This is indeed a Christmas classic, and Peter McAllister is Peak America. Of course, when I tweeted this, all the “actually” bros pointed out that apparently there’s a novelization of the film and it was Uncle Rob who paid for the plane tickets. Sorry—I didn’t know that. But clearly, the McAllisters as a unit aren’t hurting. And I like their aesthetic. Their wealth is put to service of family and hospitality. It’s used well. It’s used generously. And Peter embodies the laid-back patriarchal competence that feels emblematic of late twentieth-century American dads. He’s not overbearing. He’s not macho in a caricature way. He’s a solid guy who provides for his family, stays cool in a crisis, and lets his kids be kids—even if it means Buzz is tormenting Kevin every now and then.
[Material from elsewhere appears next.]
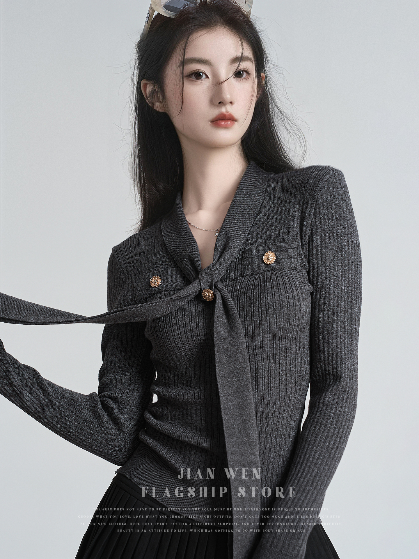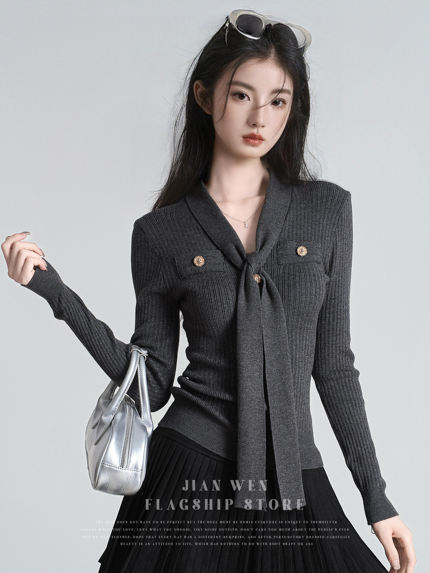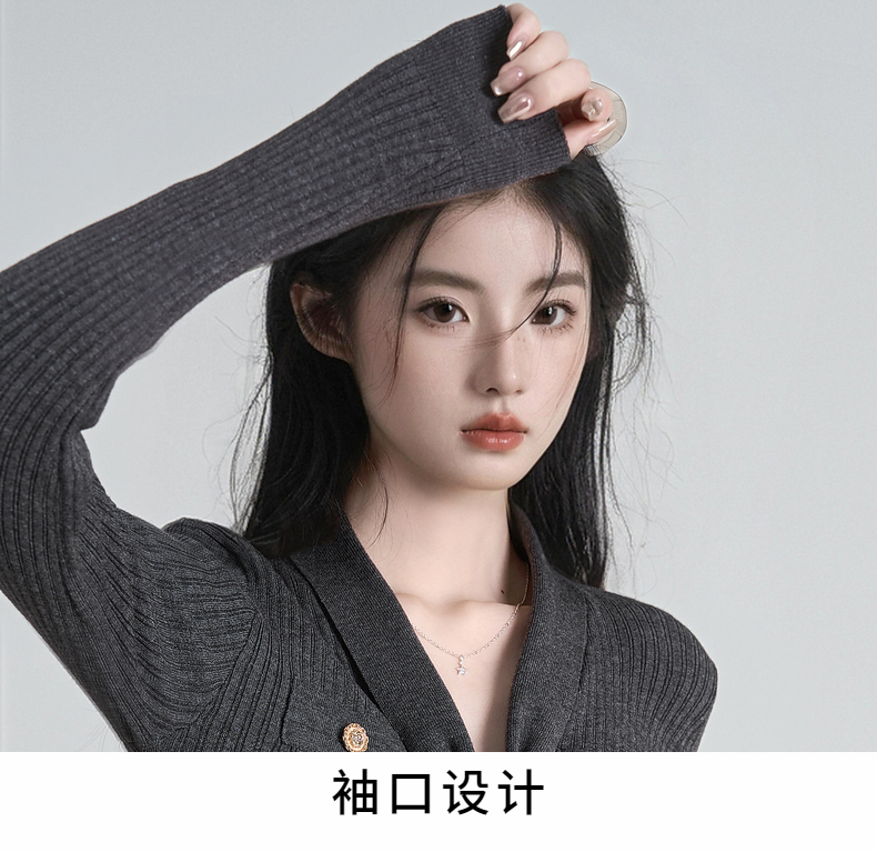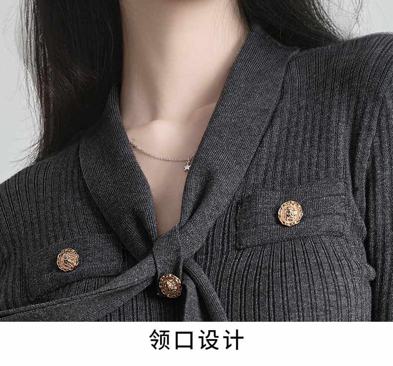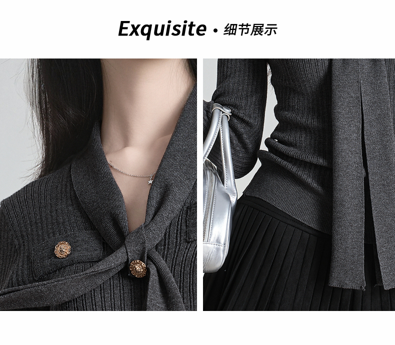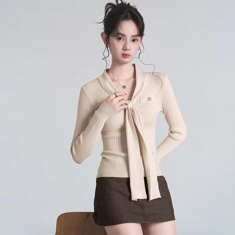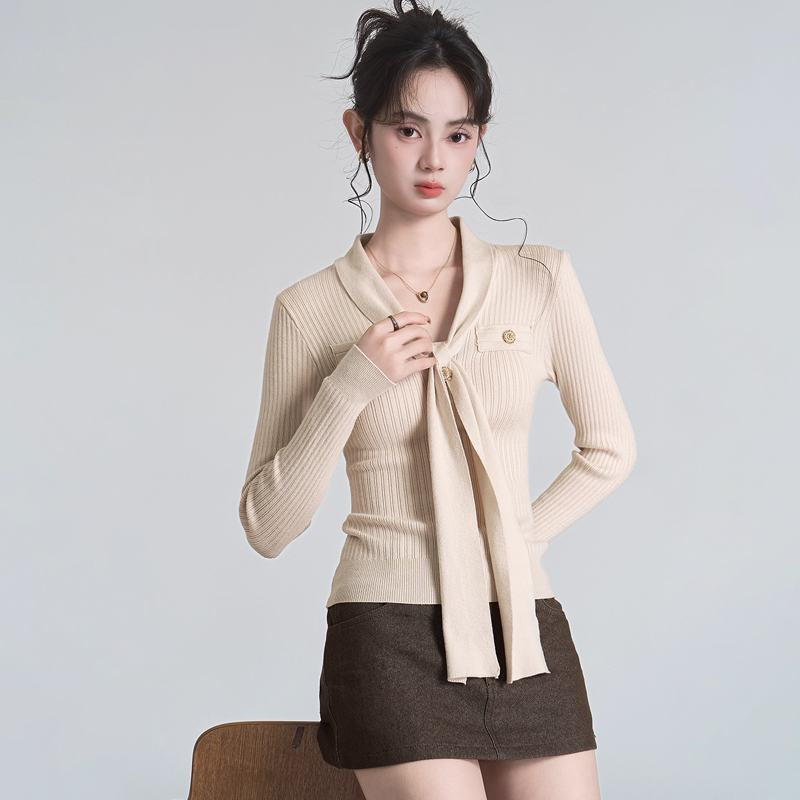 秋冬新款小香风绑带V领褶皱针织衫女收腰打底衫内搭毛衣上衣

In other words: this is Peak America.
THE HOUSE AS CHARACTER
Andrew Flattery: Let’s talk about this house. The McAllister home is a character in the movie. It’s a brick house in the Chicago suburbs, beautifully decorated with lights and wreaths, spacious enough to host a small army of relatives. Rather than a cold status symbol, it’s the joyful hub of activity and hospitality. There’s a scene early in the movie—it’s the night before the trip and every room is alive. Cousins are wrestling. Brothers and sisters are roughhousing. Uncle Frank is sneaking pizza. Pepsi is spilling everywhere. It’s chaos. It’s a big family in a big house, and the energy is great.
From Home Alone (1990) — The night before the trip
“My suitcase? Excuse me, girls. Hey, sit. Hey, ma’am. Down here, Ma. Pete’s brother and his family are here. Oh, it’s crazy.”
Andrew Flattery: Home Alone lovingly shows that being surrounded by a large, boisterous family is a gift. The gift does come with chaos and shoves from Buzz, who is a jerk. But it reminds me of a vein I’ve been on in this podcast: leaving a legacy. I just had Johann Kurtz on the show, whose book is called Leaving a Legacy. Kurtz encourages successful families to embrace having a home that can be a gathering place. He writes:
“Invest in a house which is large enough to host grand gatherings and hire whatever staff is necessary to maintain a rich social calendar. Cooks, cleaners, organizers. Host dinners and parties in which you introduce local, even national figures to each other, facilitating connections and community growth. Fill the house with art and relics.”
I love that. It’s aspirational, but there’s a certain aspect to the Home Alone house which is aspirational as well. It’s a call to resurrect a kind of noblesse oblige—the idea that with wealth and blessings comes an obligation to serve society, starting with your own family and neighbors. The McAllisters illustrate this. The big house isn’t just for show—it’s basically base camp. It’s where the family gets together. It’s where they celebrate.
I’m 41, so this came out when I was roughly around the age of Macaulay Culkin. When this film arrived, it was a revelation. The Lindy effect has treated it very well. It’s probably in the top five Christmas movies. You’ve got It’s a Wonderful Life. You’ve got Home Alone. A Christmas Story is a classic. Elf is solid. And then Die Hard—is it a Christmas movie? I don’t know. It’s a great movie, but I sort of think it’s cope. We throw it in there because there aren’t a lot of other great options. To me, the other greats are the specials: How the Grinch Stole Christmas and Rudolph the Red-Nosed Reindeer. In our house we do The Muppet Christmas Carol—there’s another you can call a classic.
A MAN’S HOME IS HIS CASTLE
Andrew Flattery: There’s a guy I’ve mentioned on the podcast before, Anthony Esolen. He’s written books on dads and boys and has informed a lot of what I have to say about the “man sphere,” if you will. Esolen does not have Home Alone on his Christmas classics list—so that’s a little sad. He’s got It’s a Wonderful Life as his number one, and the rest of his picks are films from the forties and fifties, as is everything Anthony Esolen has to talk about.
But I do have some thoughts from Esolen on the subject of homes. There’s the old proverb: “A man’s home is his castle.” In his book No Apologies, he writes:
“We should consider carefully why this principle is correct. Each castle is its own. We cannot have a standardization of castles. The castle is a place of freedom from, and freedom to—freedom from the leveling tendencies of the mass phenomena, especially mass government. And thus also the freedom to give a wide realm of action to your imagination. Every such castle is a triumph of human diversity.”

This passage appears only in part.